Principle:Rapidsai Cuml Clustering Algorithm Configuration
| Knowledge Sources | |
|---|---|
| Domains | Machine_Learning, Clustering |
| Last Updated | 2026-02-08 00:00 GMT |
Overview
Clustering algorithm configuration is the process of selecting and parameterizing the appropriate clustering strategy -- centroid-based, density-based, or hierarchical density-based -- to match the geometric and statistical properties of a dataset.
Description
Different clustering algorithms embody fundamentally different assumptions about the structure of data. Proper configuration requires understanding these assumptions and choosing hyperparameters accordingly:
Centroid-Based Clustering (KMeans): Assumes clusters are convex, roughly spherical, and of similar size. The primary hyperparameters are:
- n_clusters (k): The number of clusters to find. Must be specified in advance.

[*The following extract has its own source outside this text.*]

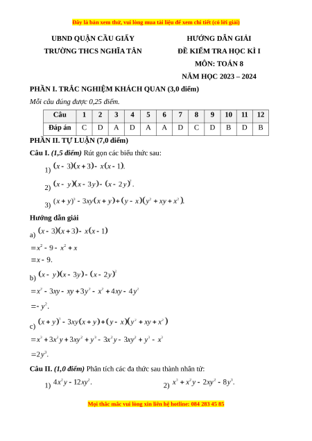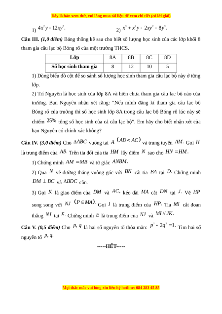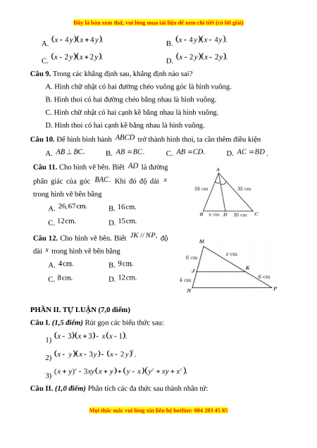 Câu 8. Phân tích đa thức

- init: The initialization strategy for centroids (e.g., scalable k-means++, random). Good initialization reduces the risk of convergence to poor local optima.
- n_init: Number of independent runs with different initializations. The run with lowest inertia is selected.
- max_iter: Maximum number of Lloyd's iterations before stopping.
- tol: Convergence tolerance on centroid movement.
Density-Based Clustering (DBSCAN): Assumes clusters are regions of high point density separated by regions of low density. No assumption about cluster shape or count is needed. Key hyperparameters are:
- eps (epsilon): The maximum distance between two points for them to be considered neighbors. This defines the neighborhood radius.
- min_samples: The minimum number of points within eps-distance required for a point to be a core point and form a dense region.
- metric: The distance metric used for neighbor queries (euclidean, cosine, precomputed).
- algorithm: The nearest-neighbor search method (brute force, random ball cover).
Hierarchical Density-Based Clustering (HDBSCAN): Extends DBSCAN by building a hierarchy of clusterings across all density levels, then extracting the most persistent clusters. Key hyperparameters are:
- min_cluster_size: The smallest number of points that can constitute a cluster. Controls the granularity of detected clusters.
- min_samples: Controls how conservative the clustering is; higher values make the algorithm more robust to noise but may merge small clusters.
- cluster_selection_method: Either 'eom' (Excess of Mass) for variable-density clusters or 'leaf' for fine-grained clusters.
- cluster_selection_epsilon: A distance threshold below which clusters are not split, enabling DBSCAN-like behavior at a given scale.
- alpha: A scaling parameter for the mutual reachability distance.
Usage
Algorithm configuration should be performed when:
- Starting a new clustering task and the data geometry is known or hypothesized.
- Tuning hyperparameters after initial exploratory runs.
- Switching between algorithms to compare results (e.g., KMeans for speed vs. HDBSCAN for robustness to noise and varying density).
Theoretical Basis
KMeans Configuration Theory: KMeans minimizes the within-cluster sum of squares (WCSS, also called inertia):
J = sum_{i=1}^{k} sum_{x in C_i} ||x - mu_i||^2
where mu_i is the centroid of cluster C_i. The choice of k directly determines the partitioning granularity. The k-means++ initialization samples initial centroids with probability proportional to squared distance from existing centroids, provably achieving an O(log k) approximation to the optimal WCSS.
DBSCAN Configuration Theory: DBSCAN defines clusters through the concepts of core points, directly reachable points, and density-connected points. A point p is a core point if |N_eps(p)| >= min_samples, where N_eps(p) is the set of points within distance eps of p. The eps parameter acts as a spatial resolution dial: too small and clusters fragment, too large and distinct clusters merge. The min_samples parameter controls noise tolerance.
HDBSCAN Configuration Theory: HDBSCAN constructs a mutual reachability graph where the distance between points x and y is:
d_mreach(x, y) = max(core_dist(x), core_dist(y), d(x, y))
where core_dist(x) is the distance from x to its min_samples-th nearest neighbor. A minimum spanning tree of this graph is built, then a condensed cluster tree is extracted. The cluster_selection_method ('eom' or 'leaf') determines how flat clusters are extracted from the hierarchy.